_Aim of the exercise_
Apart from the pictures, output all of the records exactly.

_Data for analysis_
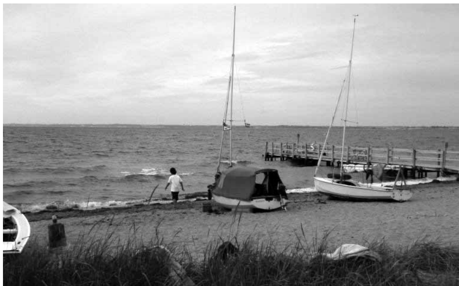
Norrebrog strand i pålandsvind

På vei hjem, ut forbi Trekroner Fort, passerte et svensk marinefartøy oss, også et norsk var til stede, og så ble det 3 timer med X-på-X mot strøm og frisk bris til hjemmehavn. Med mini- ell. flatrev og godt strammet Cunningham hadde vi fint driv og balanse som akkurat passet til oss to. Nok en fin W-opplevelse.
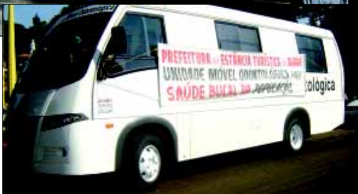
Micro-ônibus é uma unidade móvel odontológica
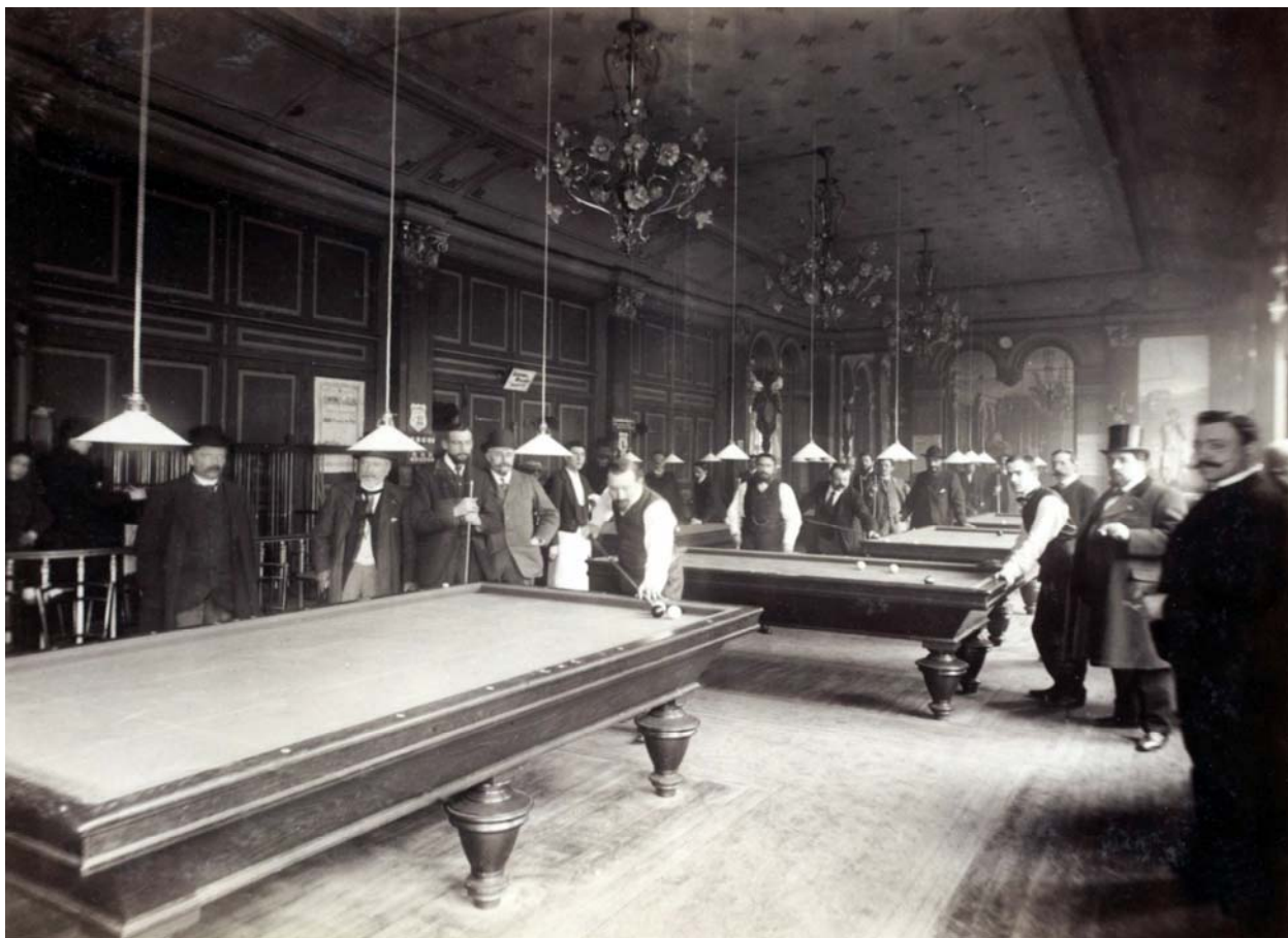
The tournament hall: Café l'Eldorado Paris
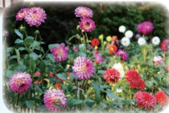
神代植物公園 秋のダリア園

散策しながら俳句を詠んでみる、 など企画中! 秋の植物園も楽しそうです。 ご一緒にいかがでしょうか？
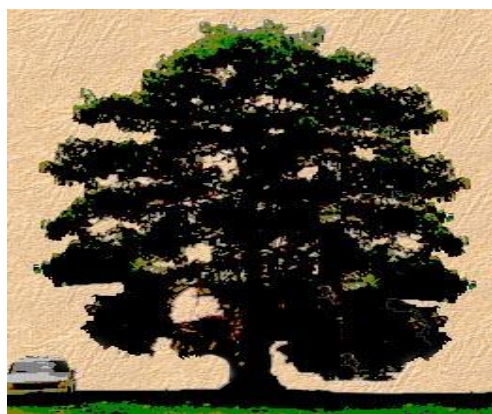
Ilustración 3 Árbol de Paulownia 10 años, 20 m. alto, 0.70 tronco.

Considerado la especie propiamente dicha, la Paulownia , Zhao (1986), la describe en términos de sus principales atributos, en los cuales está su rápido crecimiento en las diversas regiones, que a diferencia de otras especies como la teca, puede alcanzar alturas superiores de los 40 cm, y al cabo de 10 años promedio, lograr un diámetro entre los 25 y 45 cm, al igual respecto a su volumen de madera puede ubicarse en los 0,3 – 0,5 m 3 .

_Solved problem_
Norrebrog strand i pålandsvind

På vei hjem, ut forbi Trekroner Fort, passerte et svensk marinefartøy oss, også et norsk var til stede, og så ble det 3 timer med X-på-X mot strøm og frisk bris til hjemmehavn. Med mini- ell. flatrev og godt strammet Cunningham hadde vi fint driv og balanse som akkurat passet til oss to. Nok en fin W-opplevelse.
Micro-ônibus é uma unidade móvel odontológica
The tournament hall: Café l'Eldorado Paris
神代植物公園 秋のダリア園

散策しながら俳句を詠んでみる、 など企画中! 秋の植物園も楽しそうです。 ご一緒にいかがでしょうか？
Ilustración 3 Árbol de Paulownia 10 años, 20 m. alto, 0.70 tronco.

Considerado la especie propiamente dicha, la Paulownia , Zhao (1986), la describe en términos de sus principales atributos, en los cuales está su rápido crecimiento en las diversas regiones, que a diferencia de otras especies como la teca, puede alcanzar alturas superiores de los 40 cm, y al cabo de 10 años promedio, lograr un diámetro entre los 25 y 45 cm, al igual respecto a su volumen de madera puede ubicarse en los 0,3 – 0,5 m 3 .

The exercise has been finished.